American college football season

The 1912 Notre Dame Fighting Irish football team was an American football team that represented the University of Notre Dame as an independent during the 1912 college football season. In their second and final year under head coach John L. Marks, the Irish compiled a perfect 7–0 record and outscored opponents by a total of 389 to 27. It was Notre Dame's second consecutive undefeated season under Marks.

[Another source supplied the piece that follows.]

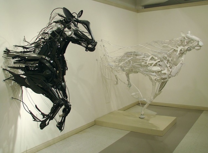 Sayaka Kajita Ganz created these wild horse sculptures from trash-picked objects like plastic utensils, toys, and metals. She says, “By building these sculptures I try to understand the human relationships that surround me. It is a way for me to contemplate and remind myself that even if there is conflict right now, there is a way for all the pieces to fit together.”

The season began with one of the most lopsided victories in Notre Dame history – a 116–7 rout of Marks' former team, St. Viator. The season also included shutout victories over rivals Pittsburgh and Marquette.

Key players included quarterback and team captain Gus Dorais, ends Knute Rockne and Charles Crowley, fullback Ray Eichenlaub, and freshman guard Freeman Fitzgerald.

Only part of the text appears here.